James Panero, the Executive Editor of The New Criterion, reads the essay “Man & beast,” his reflections on the zoo from the May issue of The New Criterion.

THE NEW CRITERION, May 2021

Man & Beast

On the un-zooing of the zoo 

What is so wild about If I Ran the Zoo? Don’t ask young Gerald McGrew. It was hard to escape the news when, on March 2, the zoo-loving protagonist of Dr. Seuss’s 1950 children’s book was captured and caged along with five other titles. The author’s own estate threw away the key to what quickly became the endangered species of its archive. The confinement not only ended the publication and licensing of six books. The move also cut into our ability to buy used copies of the books online. eBay announced it was “sweeping our marketplace” to remove these titles that now violated the company’s “offensive material policy.” The street price for ragged copies shot up a hundred fold. Overnight, Mein Kampf became more available than the anapestic tetrameters of that “New Zoo, McGrew Zoo.”
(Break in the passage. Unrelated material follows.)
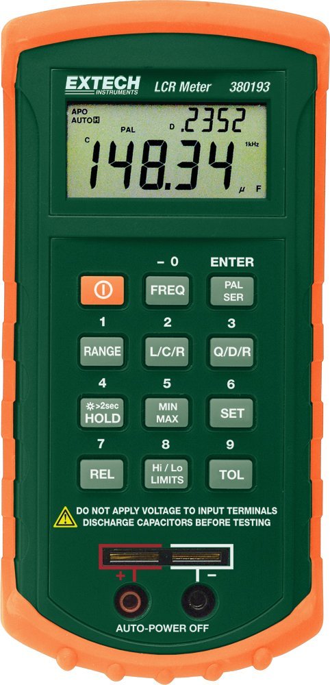 Extech 380193 supports the measurement of Inductance, Capacitance, Quality Factor and Dissipation Factor. It allows measurement in Series and Parallel mode, however, the frequency of measurement is limited to 120Hz and 1kHz. This meter can be used for sorting components by specifying the acceptable range. For improving accuracy and reducing the error it provides a facility for calibration. The short and open calibration facility removes stray components added by the measuring system. Extech 380193 allows display of the average, minimum and maximum value for a set of measurements and also provides the RS232 interface for sending measurement data to a spreadsheet on PC. This helps to make an easier analysis of measurements. It supports dual display – displays secondary parameter (D, Q etc) along with primary parameter (Capacitance, Inductance etc). It has the backlight feature for better readability of measurement.

Somewhere between “Pasternak, Boris” and “Solzhenitsyn, Aleksandr,” “Seuss, Dr.” might seem like an unexpected addition to the samizdat library. Yet some have long looked to cancel the writer beloved by generations for hitting the funny bones of children while twisting the tongues of parents. This year for “Read Across America Day,” the National Education Association declined to acknowledge Seuss at its annual March event that is, in fact, timed to coincide with the author’s birthday (Seuss had been the focus of the event during both the Obama and Trump administrations). Faced with the full loss of its intellectual property’s value, “working with a panel of experts, including educators,” Seuss Enterprises instead used the birthday to announce that six Seuss books were the first things to go—like stockings hung all in a row.

Born in 1904, Theodor Seuss Geisel had the misfortune of beginning his career as a college humorist at a time when nothing was funny, at least by today’s standards. Some of Seuss’s sophomoric efforts were indeed cringe-making by anyone’s standards. As his early work has been unearthed, activists have painted Seuss as an unregenerate racist who encoded hate into everything from The Cat in the Hat’s supposed minstrelry to Horton’s unwanted paternalism in hearing that Who.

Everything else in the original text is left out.